• PROBLEM TO SOLVE: Copy from the first line below down to and including the line with "zdjęcie przedstawia Predjamski". Skip the pictures.

[Stored items from a collection]
—————

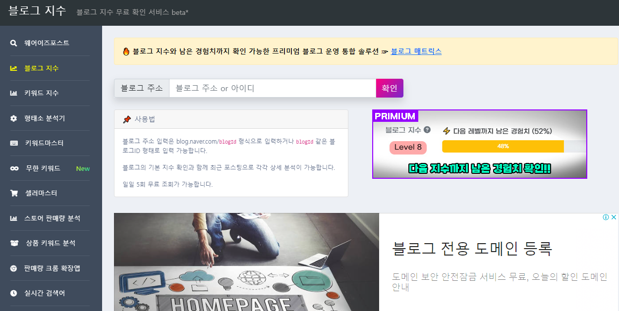 ▶ 웨어이즈포스트는 블로그 운영하시는 분들께 좋으실 것 같습니다. 키워드 분석, 블로그 지수 등 다양한 기능들을 활용하실 수 있습니다.
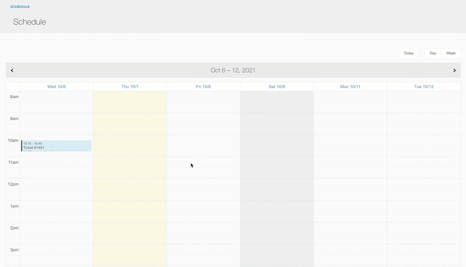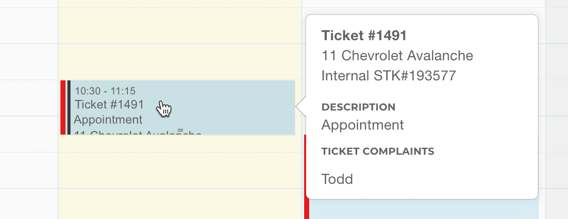 Hovering over the appointment will also show you additional details. This can be useful if the scheduled appointment is too short to see the full description, or if you want to see the ticket complaints.
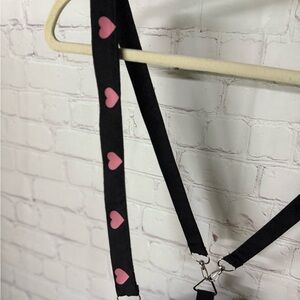 This adorable ROMWE suspender skater skirt is the perfect mix of playful and stylish! Featuring a classic black pleated mini skirt paired with adjustable suspender straps decorated with pink heart details, this piece brings instant charm to any outfit.
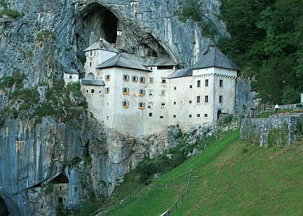 zdjęcie przedstawia Predjamski grad- obecna budowla pochodzi z wieku XVI, ale zamek w tym miejscu istniał już w wieku XII. Miejscowość Predjama 11 km od słynnej Jaskini Postojna najbardziej znanej jaskini w Słowenii.
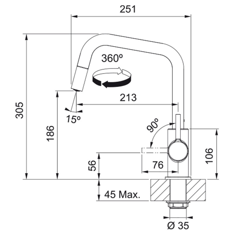 Кухонный смеситель Franke Lina U Pull Down — современный и функциональный смеситель с выдвижным изливом, который обеспечивает максимальное удобство при мытье посуды и уходе за кухонной мойкой.
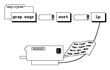 You can use the pipe symbol (|) on a UNIX system to make the output of one command the input of another. To do this, you type the command you want to generate the input, a pipe symbol, the command you want to read the input, and then press <Enter>. You can use pipes to put together as many commands as you like.
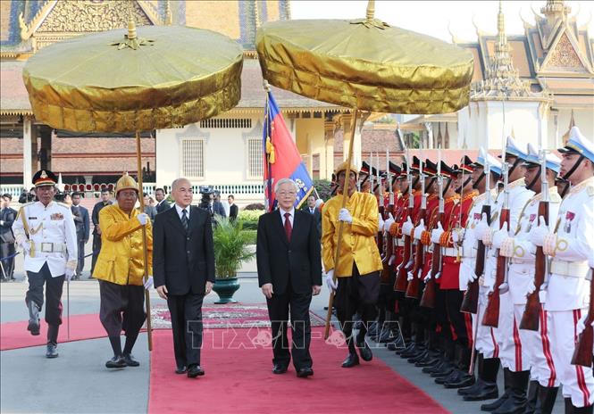 | Quốc vương Campuchia Norodom Sihamoni đón Tổng Bí thư, Chủ tịch nước Nguyễn Phú Trọng. Ảnh TTXVN |
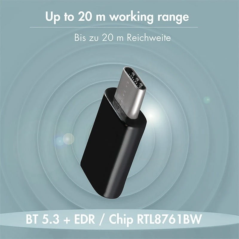 Dzięki technologii BT 5.3 korzystasz ze stabilnego połączenia, wyższej prędkości transmisji i niższego zużycia energii w porównaniu do starszych wersji. Dzięki nowoczesnemu złączu USB-C, które jest coraz częściej stosowane w nowych urządzeniach, jest uniwersalny i kompatybilny z szeroką gamą urządzeń. Jest mały i lekki, dzięki czemu można go łatwo transportować i używać na różnych urządzeniach.
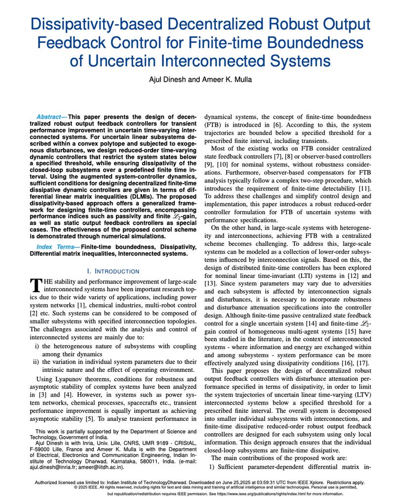 We are proud to share that Prof. Ameer Mulla from the Department of Electrical, Electronics and Communication Engineering, IIT Dharwad, has co-authored a research article titled: "Dissipativity-based Decentralized Robust Output Feedback Control for Finite-time Boundedness of Uncertain Interconnected Systems"
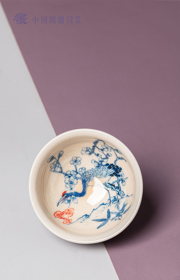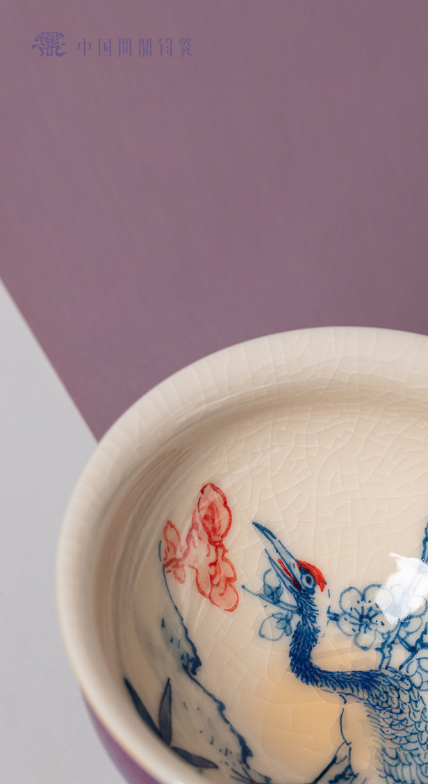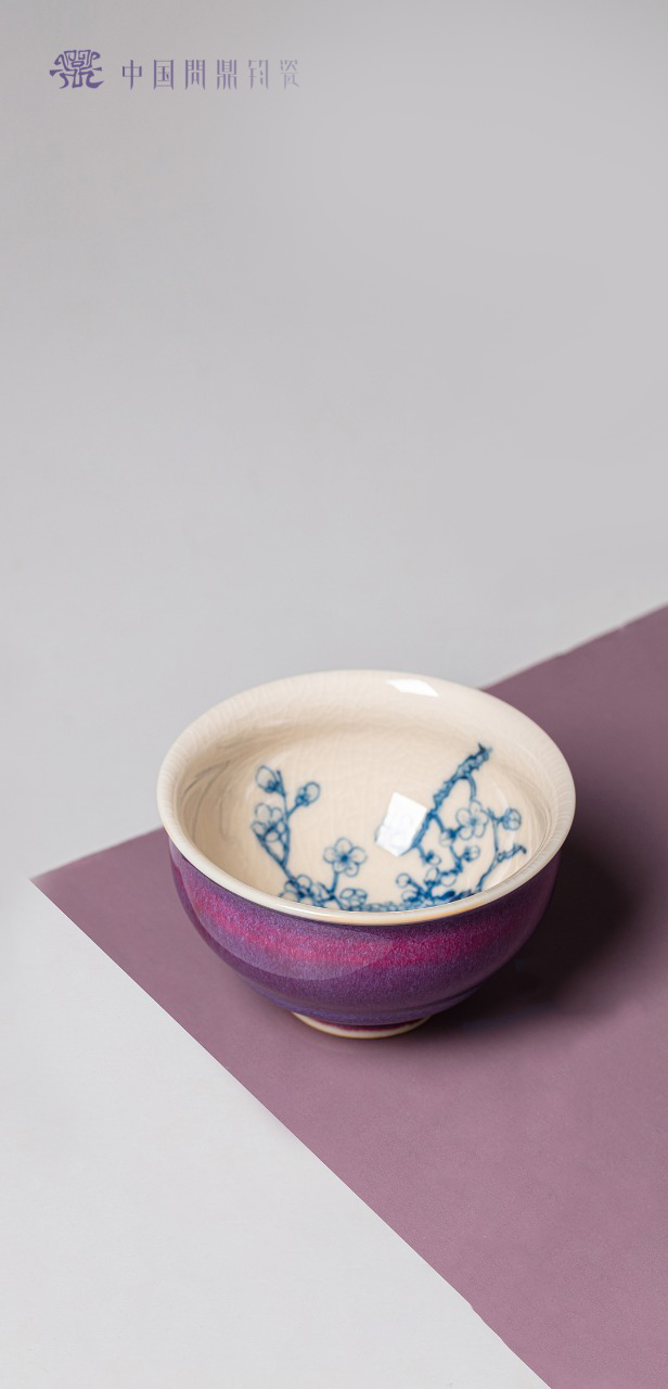 问鼎钧瓷鹅黄青花闲意杯(梅花鹤语)

—————

• RESULT OF THE TASK:
 ▶ 웨어이즈포스트는 블로그 운영하시는 분들께 좋으실 것 같습니다. 키워드 분석, 블로그 지수 등 다양한 기능들을 활용하실 수 있습니다.
 Hovering over the appointment will also show you additional details. This can be useful if the scheduled appointment is too short to see the full description, or if you want to see the ticket complaints.
 This adorable ROMWE suspender skater skirt is the perfect mix of playful and stylish! Featuring a classic black pleated mini skirt paired with adjustable suspender straps decorated with pink heart details, this piece brings instant charm to any outfit.
 zdjęcie przedstawia Predjamski grad- obecna budowla pochodzi z wieku XVI, ale zamek w tym miejscu istniał już w wieku XII. Miejscowość Predjama 11 km od słynnej Jaskini Postojna najbardziej znanej jaskini w Słowenii.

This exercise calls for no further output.